Intrekking en terugvordering van bijstand wegens verblijf in het buitenland zonder dringende redenen

In deze zaak gaat het om de intrekking en terugvordering van bijstand aan appellant, die sinds 1 januari 2002 bijstand ontving op basis van de Wet werk en bijstand (WWB). Het college van burgemeester en wethouders van Rotterdam heeft de bijstand over de periode van 12 september 2013 tot en met 23 september 2013 ingetrokken, omdat appellant en zijn echtgenote langer dan de toegestane vier weken in het buitenland verbleven zonder tijdig het college te informeren.

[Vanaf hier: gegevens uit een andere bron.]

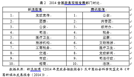 2014年政務(wù)“雙微”在部門系統(tǒng)分布對比相對來說呈現(xiàn)出縱向?qū)Ρ炔痪猓瑱M向?qū)Ρ认鄬^均衡的態(tài)勢,如表2所示。在《2014政務(wù)新媒體傳播力報告》里,排名前三的黨政宣傳、團委、公安分別以29099家、19052家和17025家各自占據(jù)所有部門微博總數(shù)94164家的30.9%、20.2%和18.1%,三個系統(tǒng)的政務(wù)微博占據(jù)了所有政府系統(tǒng)的一半以上比例,可見,政務(wù)微博發(fā)展縱向?qū)Ρ葮O其不均衡。而政務(wù)微信發(fā)展排行前三的依次為公安1635個、旅游 1004個、司法813個,分別占據(jù)全國政務(wù)微信總數(shù)16446家的9.9%、6.1%、4.9%,雖然在總比例上不及地域分布那么不均衡,但是因為政務(wù)微信的部門系統(tǒng)分布的比較細,因此,縱向?qū)Ρ茸陨硪廊粚儆诓痪獍l(fā)展狀態(tài)。值得關(guān)注的是,公安、司法、稅務(wù)、醫(yī)療衛(wèi)生以及文化旅游五個常常處于社會利益沖突最前端的部門成為政務(wù)“雙微”最熱部門,也是亟待開展“指尖上的對話”部門。
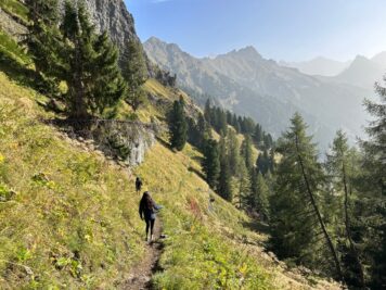 Qui è possibile rilassarsi sul prato o rifocillarsi con un ottimo pranzo tipico, circondati da un paesaggio idilliaco. Se siete a piedi o con lo zaino portabimbo, dopo aver ammirato le cascate ed esservi rinfrescati potete, come abbiamo fatto noi, imboccare, sotto la baita, il sentiero 641 che costeggia il rio san Nicolò, ed evitare così di rientrare sulla stessa strada dell’andata.

Appellant heeft in hoger beroep aangevoerd dat zijn echtgenote tijdens hun verblijf in Turkije ziek werd en dat dit een dringende reden was om de bijstand niet in te trekken. De Centrale Raad van Beroep oordeelt echter dat de omstandigheden van appellant en zijn echtgenote geen zeer dringende redenen opleveren die de intrekking van de bijstand rechtvaardigen. De Raad bevestigt dat de intrekking van de bijstand terecht is gebeurd, omdat appellant en zijn echtgenote de inlichtingenverplichting hebben geschonden door het college niet tijdig te informeren over hun verblijf in het buitenland. De Raad concludeert dat er geen acute noodsituatie was die het verlenen van bijstand noodzakelijk maakte. De terugvordering van de bijstand wordt eveneens bevestigd, omdat appellant en zijn echtgenote ten onrechte bijstand hebben ontvangen. De uitspraak van de rechtbank Rotterdam wordt bekrachtigd.

Uitspraak

15/1169 WWB
Datum uitspraak: 15 december 2015
Centrale Raad van Beroep
Enkelvoudige kamer
Uitspraak op het hoger beroep tegen de uitspraak van de rechtbank Rotterdam van
30 januari 2015, 14/3742 (aangevallen uitspraak)
Partijen:
[appellant] te [woonplaats] (appellant)
het college van burgemeester en wethouders van Rotterdam (college)
PROCESVERLOOP
Namens appellant heeft mr. A.L. Kuit, advocaat, hoger beroep ingesteld.
Het college heeft een verweerschrift ingediend.
Het onderzoek ter zitting heeft plaatsgevonden op 3 november 2015. Appellant is, met voorafgaand bericht, niet verschenen. Het college heeft zich laten vertegenwoordigen door mr. H.H. Nicolai.

OVERWEGINGEN

1. De Raad gaat uit van de volgende in dit geding van belang zijnde feiten en omstandigheden.
1.1.
Appellant ontving sinds 1 januari 2002 bijstand, ten tijde hier van belang ingevolge de Wet werk en bijstand (WWB), naar de norm voor gehuwden.
1.2.
Uit reisstempels in de paspoorten van appellant en zijn echtgenote is het college gebleken dat appellant in de periode van 14 augustus 2013 tot en met 23 september 2013 in Turkije heeft verbleven. Appellant heeft daarover op 19 november 2013 tegenover een toezichthouder van het college verklaard dat zij daarheen waren gegaan voor vakantie, maar dat zijn echtgenote wegens ziekte niet tijdig kon terugreizen.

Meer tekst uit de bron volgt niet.